What drew Netflix to Santa Clarita? The makers of “Santa Clarita Diet” said the bland, organized quality of the city’s bedroom communities was a crucial component of the series. “It’s a nice juxtaposition to the horror and chaos that would be the center of the show,” said Victor Fresco, the showrunner and creator.
The L.A. locations that are often used to represent middle-class America “really aren’t because L.A. is so expensive,” Fresco said. The Santa Clarita area “is made up of teachers, firefighters, law enforcement personnel … who commute into L.A.”
The comedy series filmed exterior scenes throughout the city, but the interiors for the house owned by the central couple (Barrymore and Timothy Olyphant) were created on sets at the Santa Clarita Studios.

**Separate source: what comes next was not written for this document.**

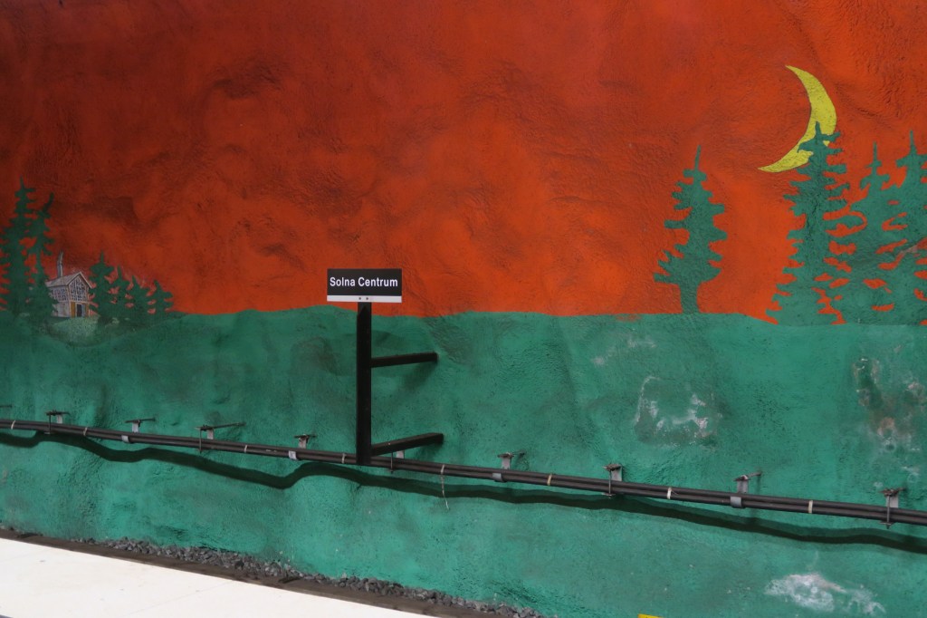 My personal favourite station, Solna Centrum, is nicknamed the “Gates to Hell” with its exposed rock walls covered in aggressive blood red and black paint. Elsewhere, splashes of green represent the forest against a backdrop of the red evening sun.

A grisly scene where Barrymore and Olyphant get caught burying human remains in the wilderness was shot at the Mystery Mesa section of Agua Dulce Movie Ranch, which has hosted such notable shoots as Steven Spielberg’s “Duel” and Martin Scorsese’s “The Aviator.”
It is one of the area’s several movie ranches that draw productions in search of wide-open spaces.The Blue Cloud Ranch has added 150 acres in the last year and a half and doubled its parking, said Dylan Lewis, who acquired the ranch in 2015. The ranch has served as Iraq in Clint Eastwood’s “American Sniper” and the indie war drama “The Yellow Birds,” which recently debuted at the Sundance Film Festival.
“Most of Venüsbet the people we hear from have been excited about the tax credit,” said Lewis. He said the ranch sees mostly TV shoots and military-themed productions.
Santa Clarita’s mix of suburbia, wilderness and soundstages offers a wide variety of looks in close proximity. The city is also located in Hollywood’s so-called 30-mile zone, which allows productions to pay the same per-diem rate to crew members as in L.A.
But Santa Clarita can pose challenges, like the wildfires that accompany intense heat during the summer. Last year’s Sand fire damaged some of the movie ranches in the area.
“We were fortunate that we were able to fight it and save the ranch,” said Steve Arklin, the owner and manager of the Rancho Deluxe movie ranch. “We have some burnt forests and landscapes. But we also have green forests and unburned areas.”
He said business has bounced back. Two HBO series recently filmed at the ranch — “Westworld,” which took advantage of its vast wilderness areas, and “The Young Pope,” which used the ranch’s Mediterranean-style villa.
Another challenge is working with local homeowner associations that may not want production crews disrupting their quiet neighborhoods, according to Brooks Bonston, a location manager for “Santa Clarita Diet.”
In Santa Clarita, “everything is under an HOA,” Bonston said. While some neighborhoods don’t want film shoots, the city has become friendlier to productions in recent years — in part because more industry people live in the area, he said. Productions frequently compensate residents for disruptions, like having large trucks parked on their streets.
“Parking is less of an issue than in parts of L.A.,” Bonston said.
Other productions to set up shop in Santa Clarita in recent months include USA’s freshman series “Shooter,” which has filmed at Rancho Deluxe and on local stages. CBS’ “NCIS,” now in its 14th season, continues to be a major presence in the area, based primarily out of Valencia Studios.
The last major series to showcase the Santa Clarita Valley as itself was Showtime’s “Weeds,” which ended in 2012. The comedy series filmed in Stevenson Ranch, which was re-dubbed Agrestic for the show.
The area’s identical residential homes was a running gag in “Weeds,” as it is in “Santa Clarita Diet.”
“It’s an ordinary quality, an everyone’s-the-same quality,” said Kitty Doris-Bates, production designer on “Santa Clarita Diet.” “It’s 50 shades of beige.”